I was able to grab a couple from today's storm. We got about 3" or so...


----------



## J&R Landscaping (Dec 25, 2005)

*More*

A few more...


----------



## itzkcatz (Sep 14, 2007)

looks like you got some rain after the snow like we did


----------



## EaTmYtAiLpIpEs (Aug 23, 2007)

your getting a little bit of the storm I am getting. but I am getting a lot more lol.
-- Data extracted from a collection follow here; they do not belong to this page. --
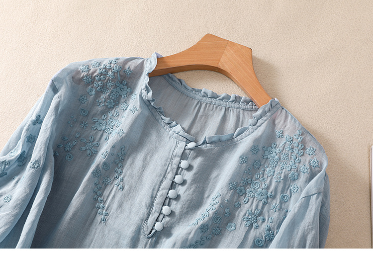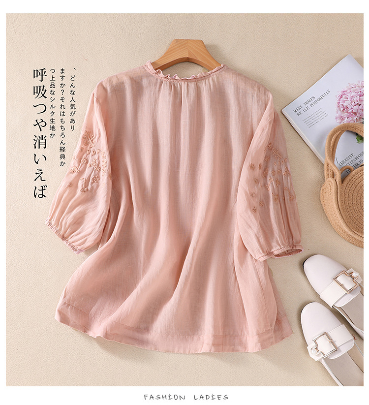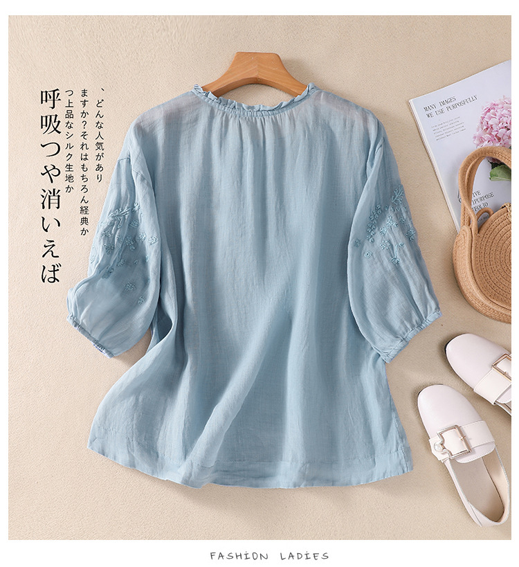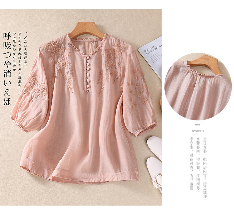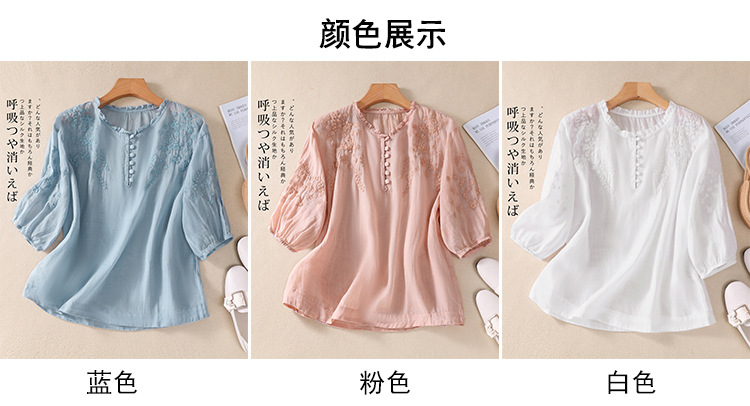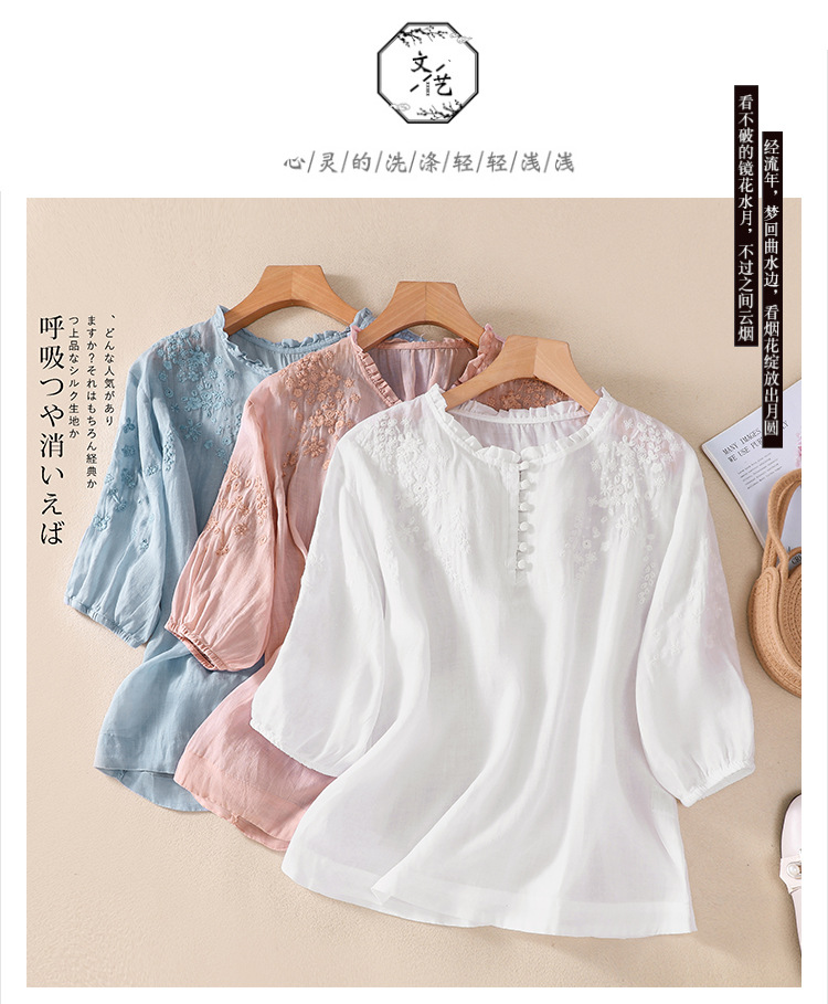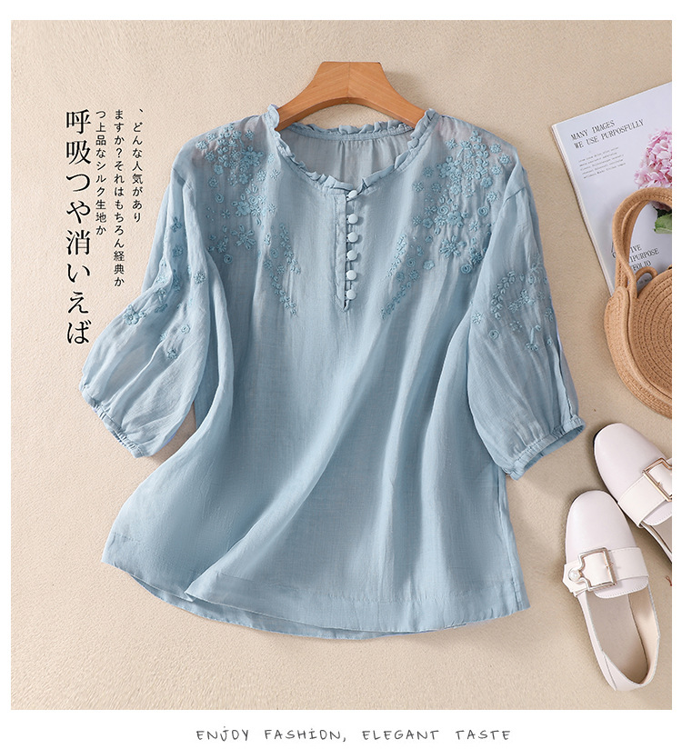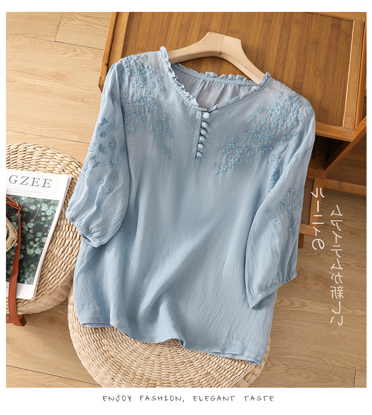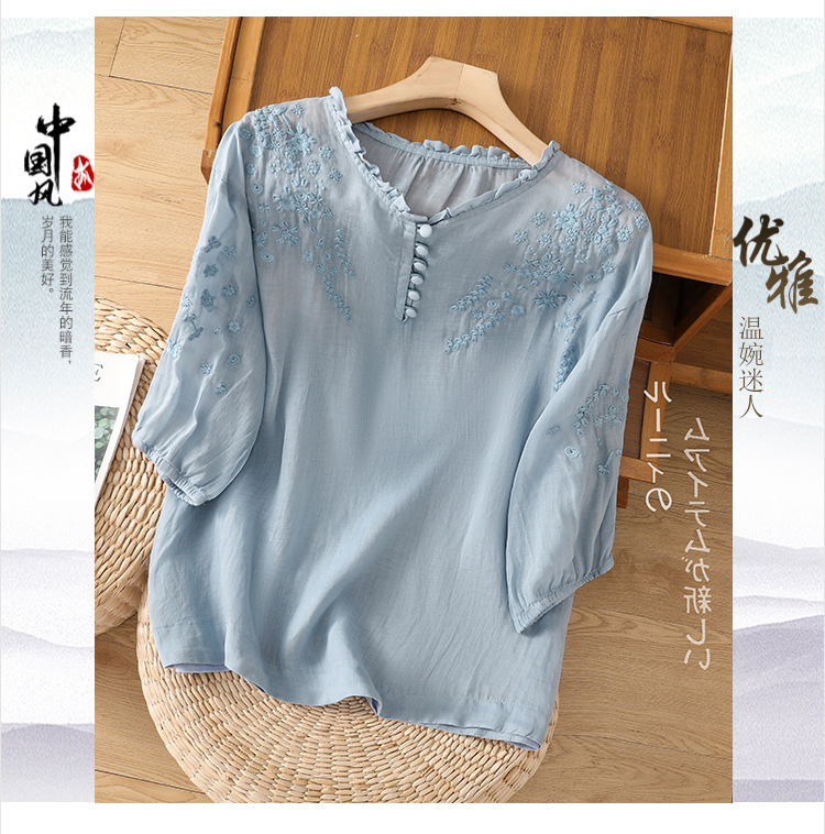 실제 사진 2025 여름 새로운 스타일 문학 느슨한 자수 꽃 V 넥 5부 소매 셔츠 여성 셔츠상의 # 9041스토어 가기
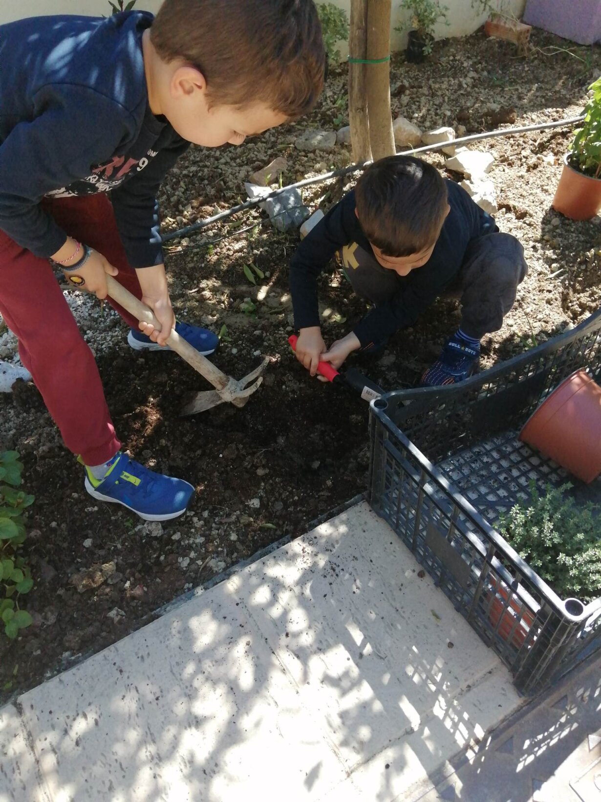 Έτσι φυτέψαμε ρίγανη, βασιλικό, σιτρονελα, φασκόμηλο, αμπεροσα και πολλά άλλα. Στην πορεία, θα χρησιμοποιήσουμε τα λαχανικά που φυτέψαμε το χειμώνα και τα βότανα, θα μαγειρέψουμε συνταγές στο σχολείο και θα τις δοκιμάσουμε.
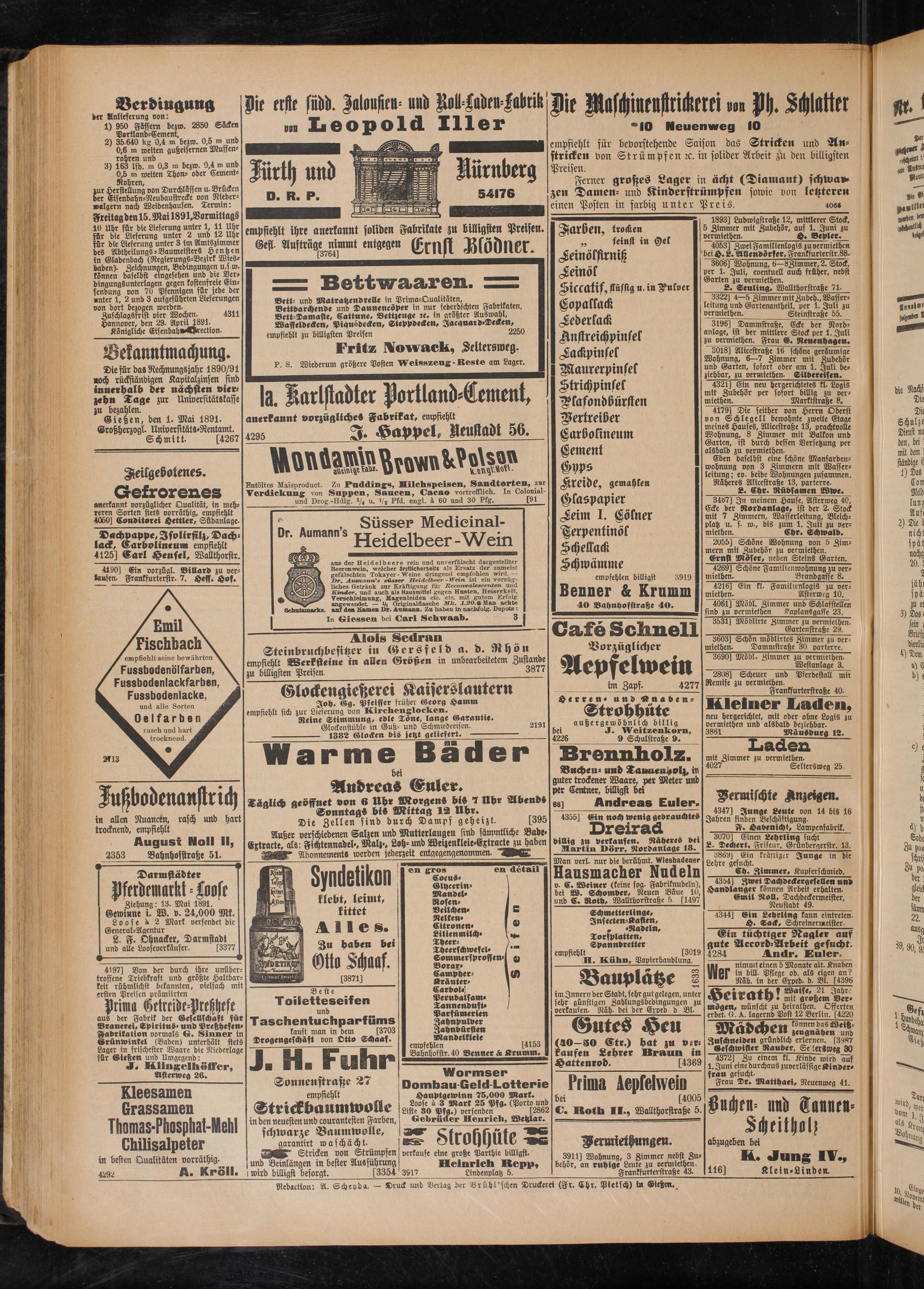 Nedactton: A. Schepda. — Druck und Verlag der Brühl'schen Druckerei (Fr. Ehr. Pietsch) in Gießen.^
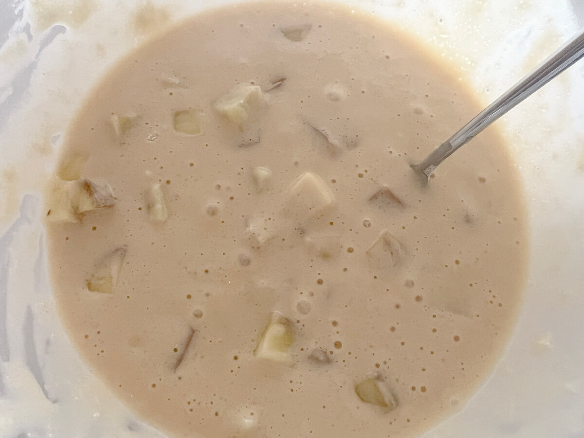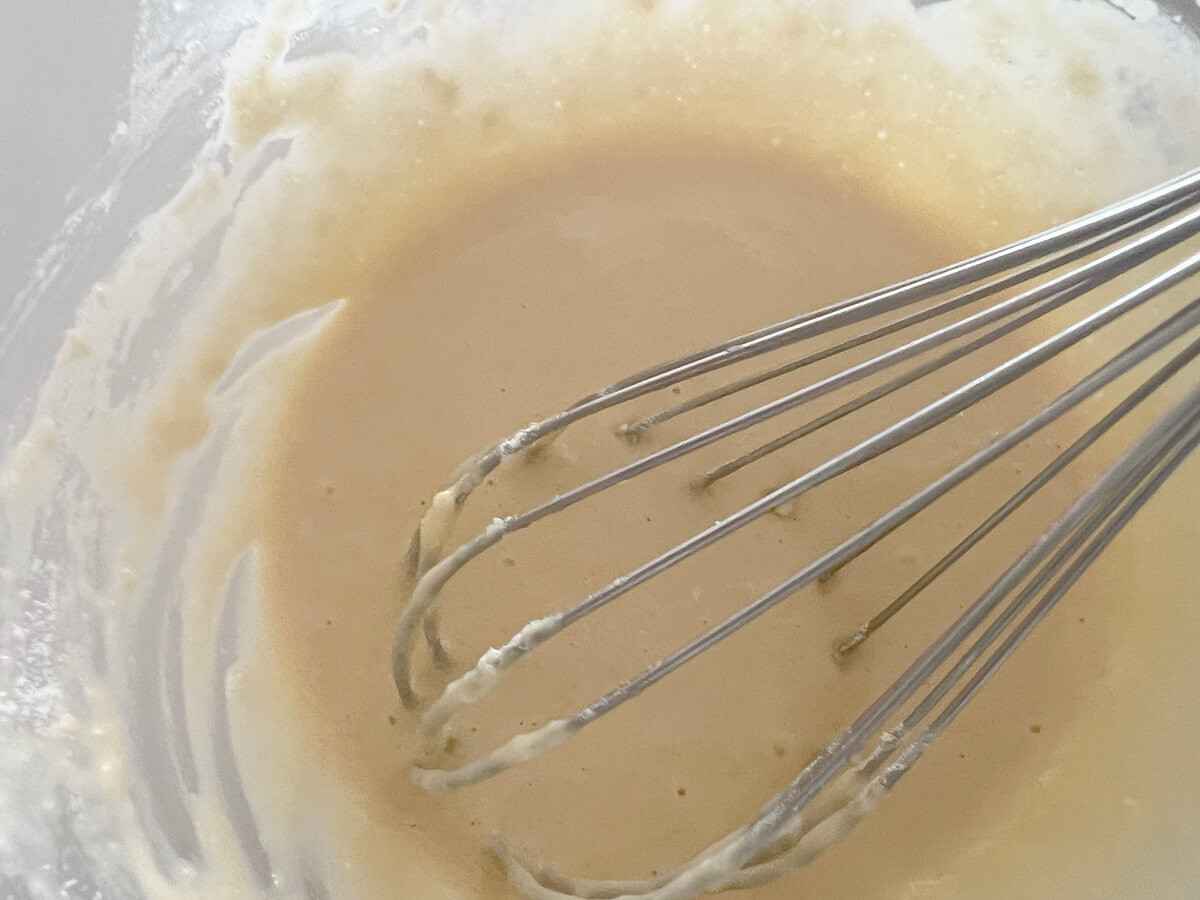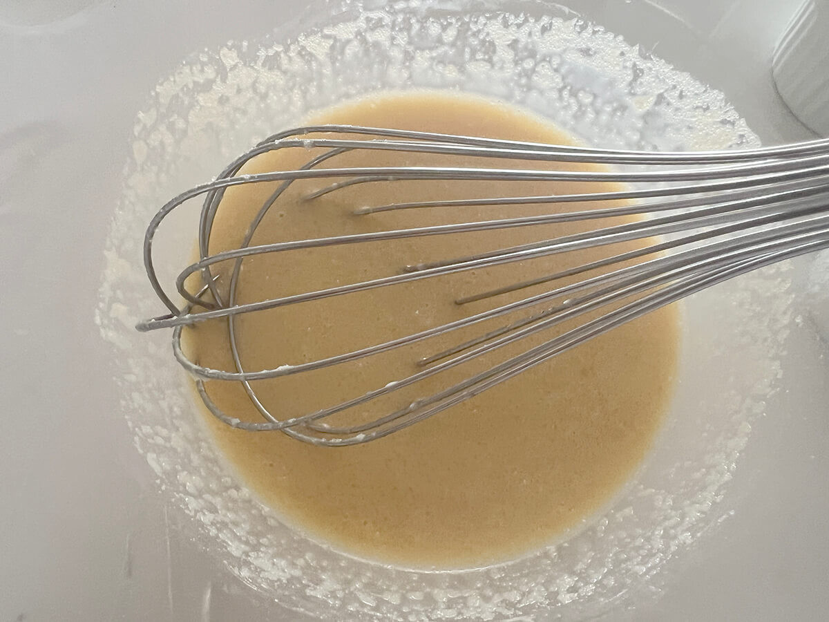 泡立て器で混ぜながら、溶かしたバター、砂糖も加えていきます。上の写真は砂糖まで入ったところです。
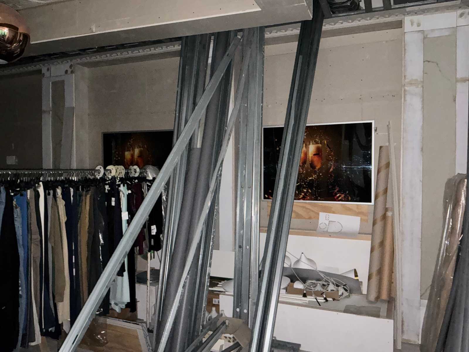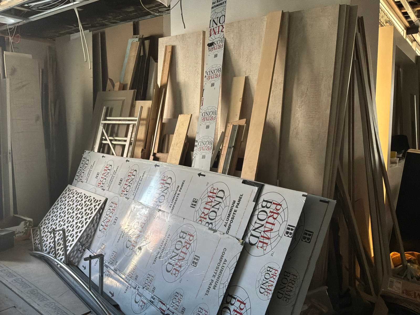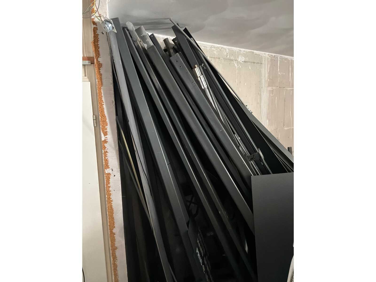 Bestaande uit: metalen profielen, stangen, zakken betonmortel, bevestigingsmaterialen, beugels, houten planken, panelen, dozen met gereedschap, onderdelen, kratten met kabels, klein materiaal, lampen, armaturen, diverse overige bouwmaterialen.

I have gotten 10inches so far.


----------



## tls22 (Sep 30, 2007)

Great pics JR...im glad u go to have some fun


----------



## mike6256 (Dec 15, 2007)

It did get wet and heavy quick here are a few from this morning as well.
























Sorry cell phone pics.


----------



## iceyman (Mar 1, 2007)

nice pics and nice to push some snow ehpayup


----------



## J&R Landscaping (Dec 25, 2005)

We did get some rain later in the afternoon. Its supposed to re freeze tonight but I've already knocked out salting to prevent that. 

Its funny how the news people are making a big deal of this storm since its "the biggest storm of the season for us". Its annoying but hopefully we will get punded on in Feburary! 
Thanks for the comments!!


----------



## nicksplowing (Oct 5, 2005)

*NICE PICS JR SURE WAS NICE TO GET A DECENT PUSH HUH*


----------



## theonlybull (Oct 17, 2004)

that a dump with a built in tarp on the headache rack??


----------



## Doom & Gloom (Mar 2, 2008)

Add 10 more inches to that 3 inches and thats what we got on 1/28/09. Have lots of pics to put up later, just came home for a quick break and take kids to school.


----------



## J&R Landscaping (Dec 25, 2005)

theonlybull;735150 said:


> that a dump with a built in tarp on the headache rack??


Truck craft tc-120 alluminum dump insert. Yup, cab protector and tarp..


----------



## GreenManEnvy (Nov 7, 2007)

Nice pics!

We got a little more than 4" up here, about 2" less than the amount mentioned on the news. I had intended to bring the camera along, but it got left behind.


----------